# You Never Marry the Right Person



## athanatos (Jan 10, 2012)

(I think this is the right forum to post this)

On marriage compatibility, a pastor writes...


RELEVANT Magazine - You Never Marry the Right Person

Thought it would be good to pass it on.


----------



## Jack K (Jan 10, 2012)

I was going to say "he copied that from Keller's new book." But I see it _is_ Keller.

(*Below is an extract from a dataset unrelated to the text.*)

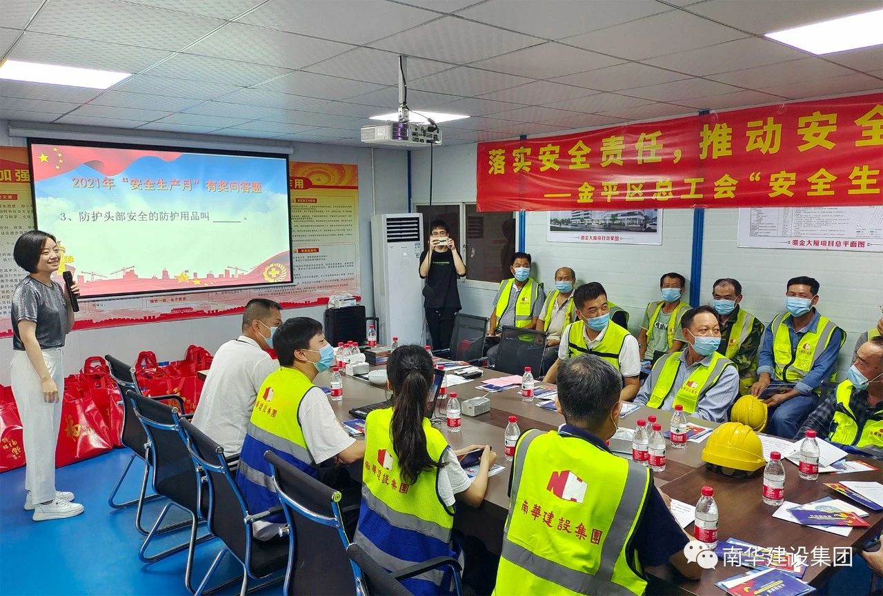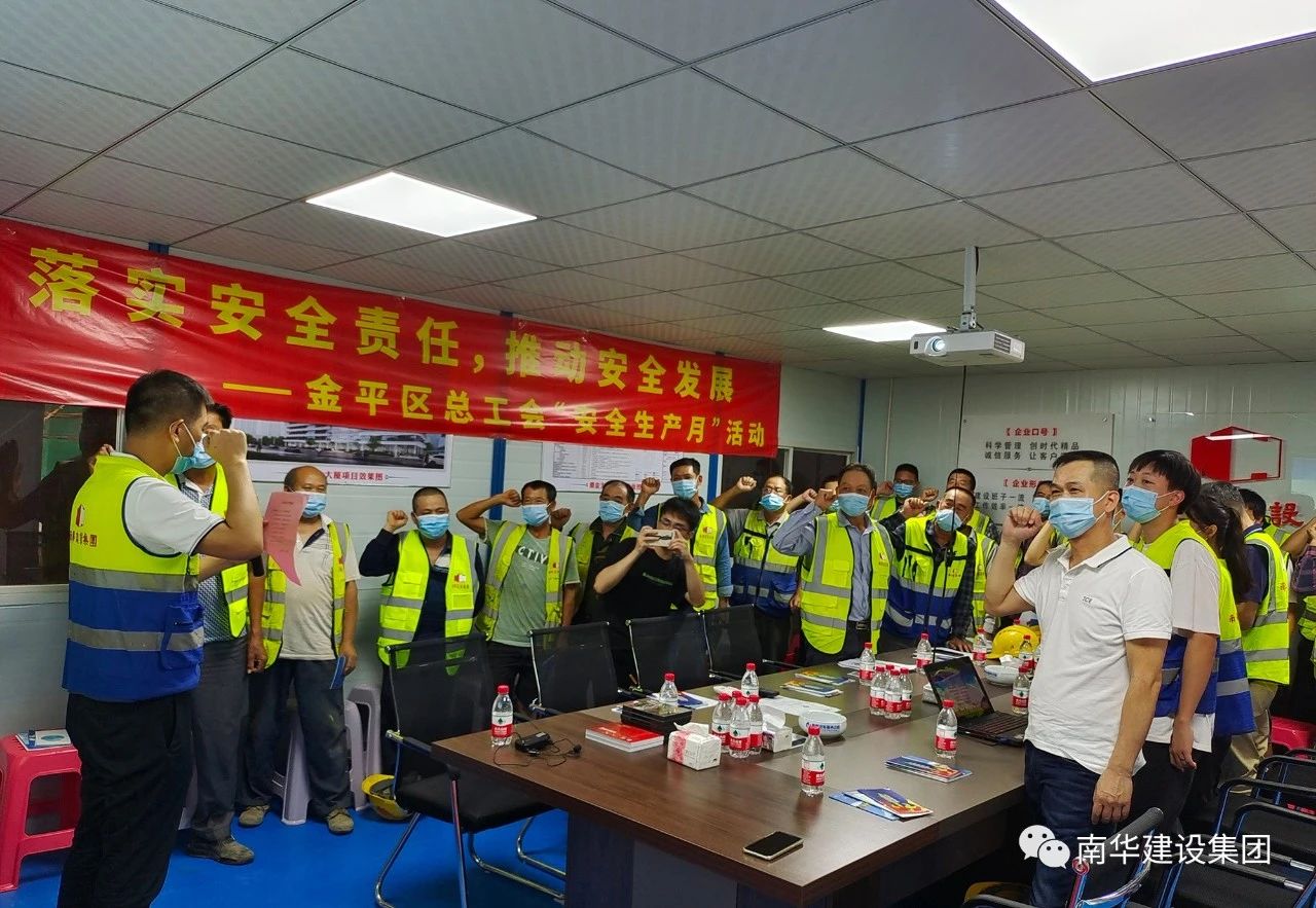 2021年6月是第20個(gè)全國(guó)“安全生產(chǎn)月”,集團(tuán)公司深入學(xué)習(xí)貫徹習(xí)近平總書記關(guān)于安全生產(chǎn)重要論述,貫徹落實(shí)黨中央、國(guó)務(wù)院關(guān)于安全生產(chǎn)重大決策部署,樹牢安全發(fā)展理念,強(qiáng)化全員安全生產(chǎn)宣傳教育培訓(xùn)工作,增強(qiáng)安全生產(chǎn)意識(shí),提升安全文明素質(zhì),堅(jiān)決防范安全生產(chǎn)事故發(fā)生。6月16日,金平區(qū)總工會(huì)以“落實(shí)安全責(zé)任,推動(dòng)安全發(fā)展”為主題,在集團(tuán)公司潮金大廈項(xiàng)目部開展2021年“安全生產(chǎn)月”活動(dòng),區(qū)工會(huì)、集團(tuán)公司工會(huì)及項(xiàng)目部管理人員、工人代表等參加活動(dòng)。
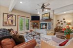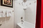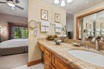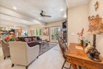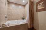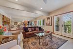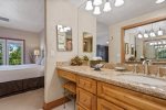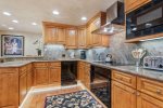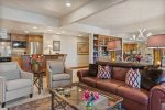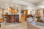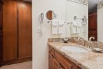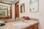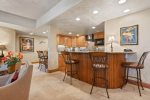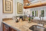 This relaxing, SKI IN/SKI OUT residence offers a family room with a desk/work space, wood-burning fireplace and sleeper sofa, a full kitchen with granite countertops, as well as a dining area for eight.

I haven't read the book yet, but given what Keller has done in the past on this topic I expect it to be helpful to a lot of people.


----------



## InSlaveryToChrist (Jan 10, 2012)

That was a good read. Thanks for sharing.


----------



## deleteduser99 (Jan 10, 2012)

Thank you for sharing this. This helps put things in a good light.


----------



## Pergamum (Jan 10, 2012)

I know I married the right person; but she sure got a stinker.


----------



## Pilgrim (Jan 10, 2012)

I am not a huge Keller fan, but this looks good. It's something that I've been saying for a while. Good to see him agreeing with me. 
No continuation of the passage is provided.